Dataset items:
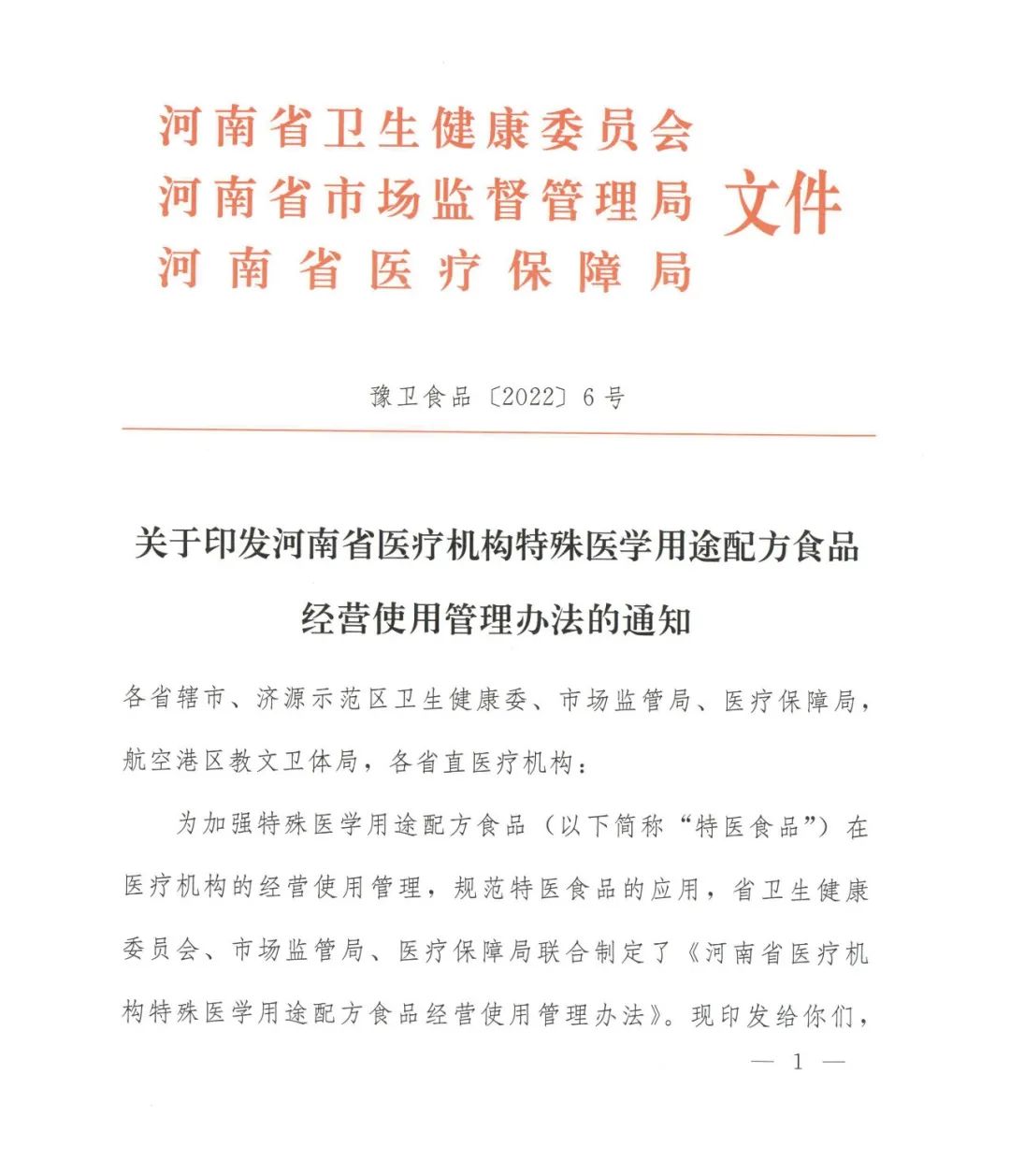 為加強(qiáng)特醫(yī)食品在醫(yī)療機(jī)構(gòu)的經(jīng)營(yíng)使用管理,2022年8月,河南省衛(wèi)健委、河南省市場(chǎng)監(jiān)管局、河南省醫(yī)保局聯(lián)合制定 《醫(yī)療機(jī)構(gòu)特殊醫(yī)學(xué)用途配方食品經(jīng)營(yíng)使用管理辦法》,要求河南省直醫(yī)療機(jī)構(gòu)遵照?qǐng)?zhí)行。辦法中要求:
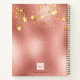 A dark rose gold faux metallic looking background with dripping faux golden stars. Decorated with a faux gold geometric frame and burgundy, pink and rose gold coloured flowers, florals. Personalize and add your monogram letters, initials and a title. Burgundy coloured letters. Can be used as a sketchbook, diary, taking notes, to-do lists.
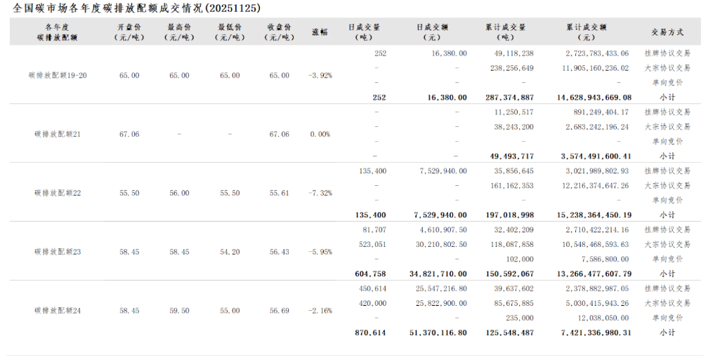 2025年1月1日至11月25日,全国碳市场碳排放配额成交量179,759,492吨,成交额11,096,887,204.27元。
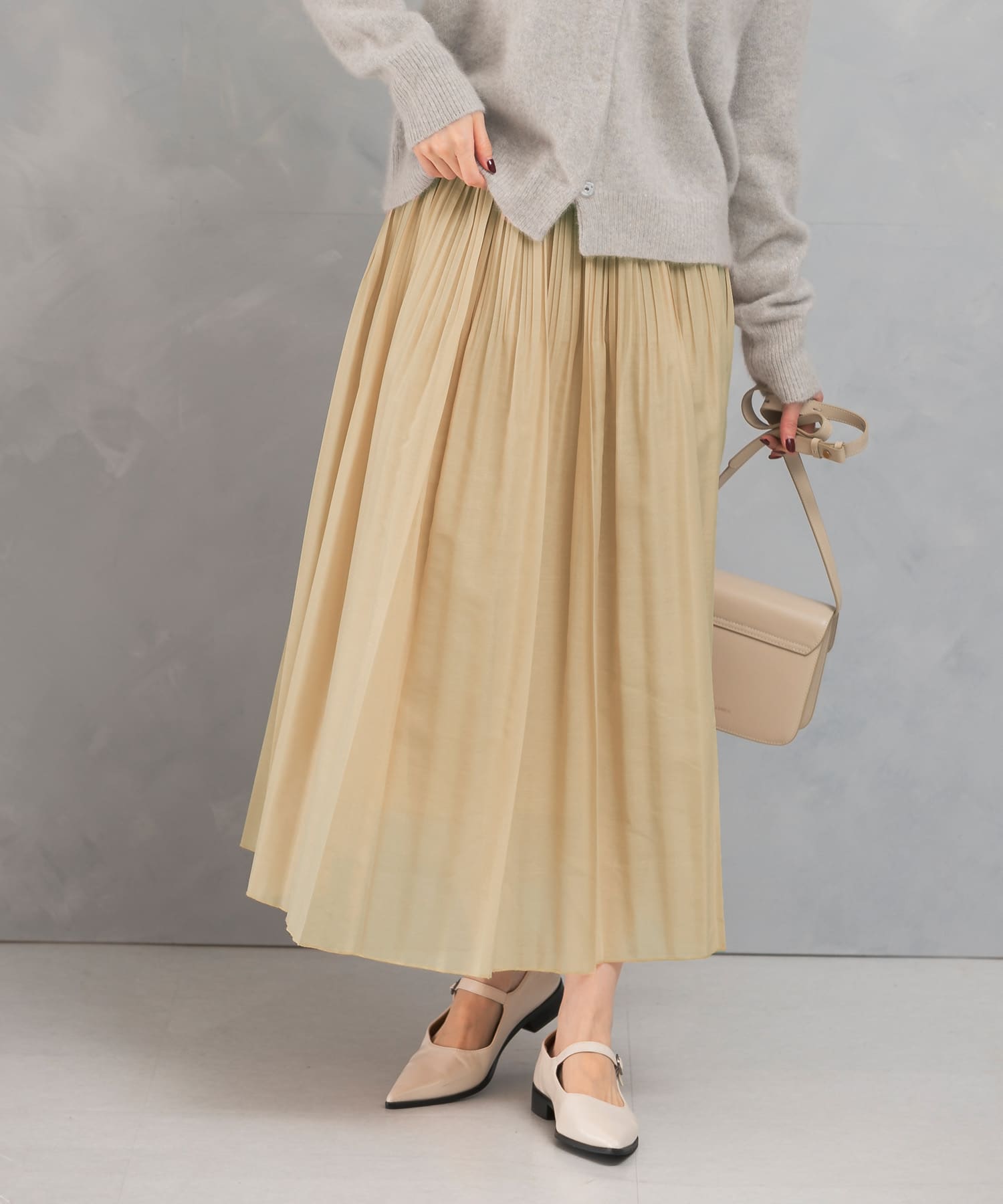 しっかりとした生地感ですが、足元は透け感があります。ニットでもスウェットでも相性抜群です。
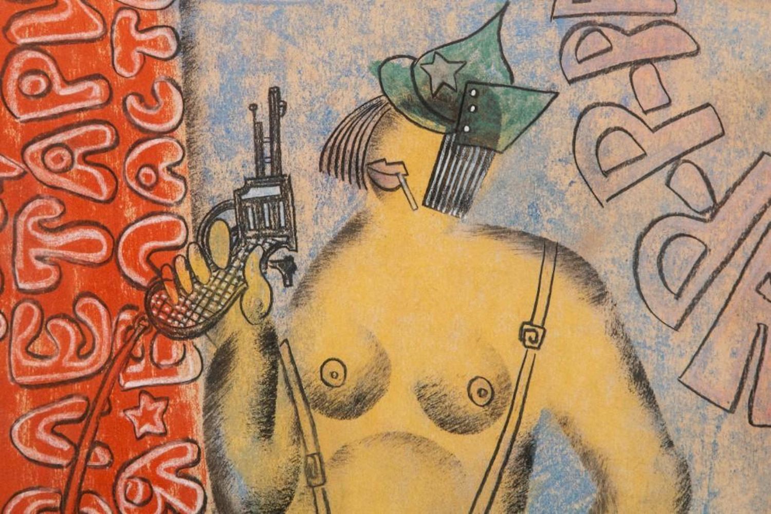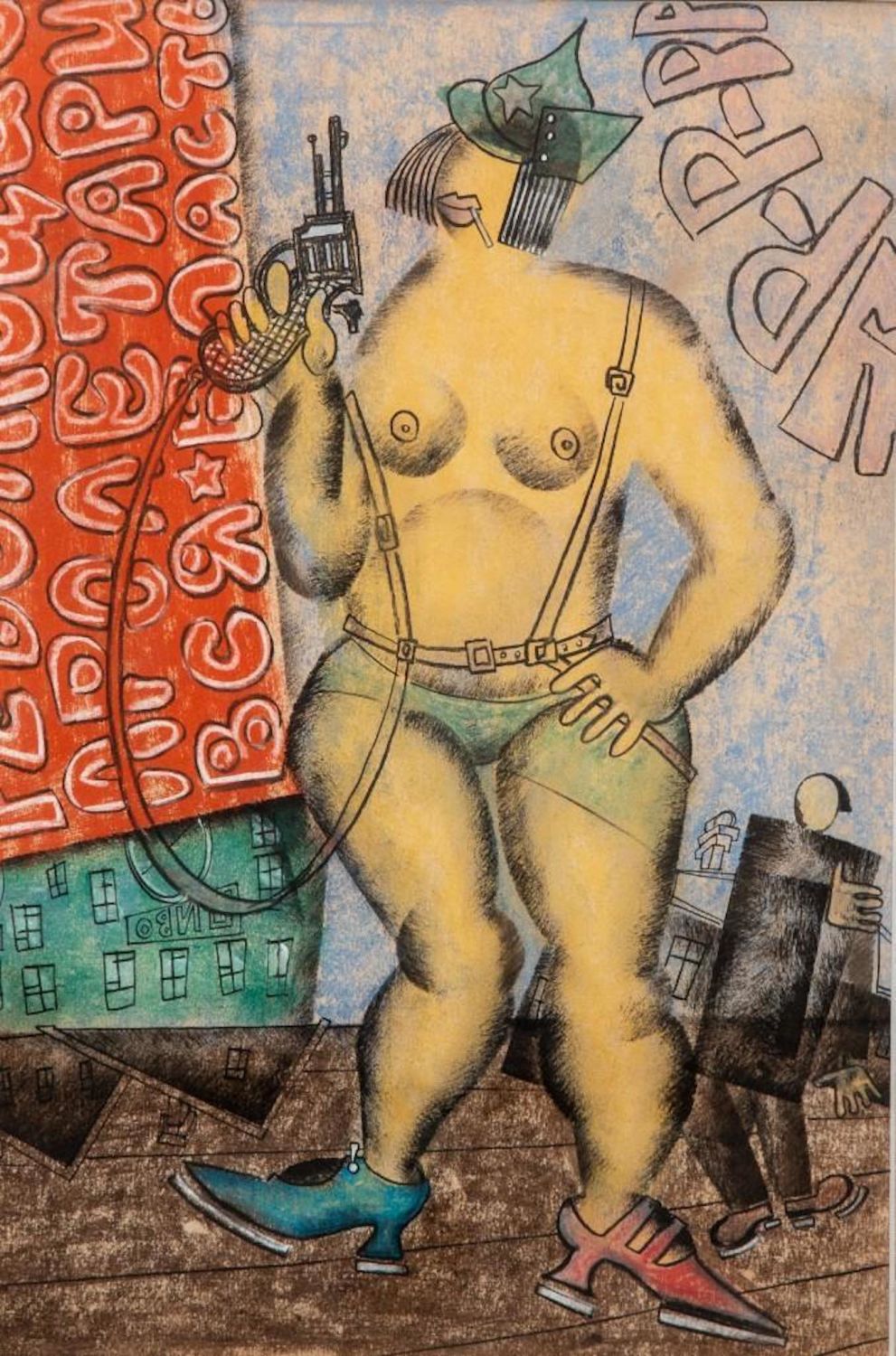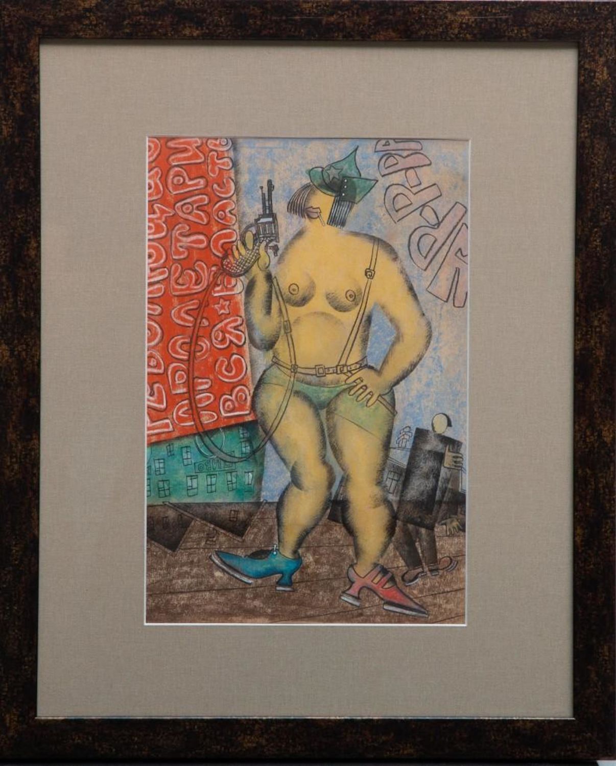 Pastel by Vladimir Lebedev, 1891-1967 lady and gun Unsigned. Measures 10.5"H x 14"W approx. and 16 x 20 framed Vladimir Vasilyevich Lebedev — was a Russian Avant Garde painter and graphic artist. He became famous for his exceptional illustrationsm of street life, political, social , propaganda and illustated poems Exhibited 3 times in the Museum of Modern Art in NY

**Directions**
In the entries above, every line from the line with "A dark rose" to the line with "しっかりとした生地感ですが、" is to be printed exactly, with both ends included and pictures excluded.

**Result of the task**
 A dark rose gold faux metallic looking background with dripping faux golden stars. Decorated with a faux gold geometric frame and burgundy, pink and rose gold coloured flowers, florals. Personalize and add your monogram letters, initials and a title. Burgundy coloured letters. Can be used as a sketchbook, diary, taking notes, to-do lists.
 2025年1月1日至11月25日,全国碳市场碳排放配额成交量179,759,492吨,成交额11,096,887,204.27元。
 しっかりとした生地感ですが、足元は透け感があります。ニットでもスウェットでも相性抜群です。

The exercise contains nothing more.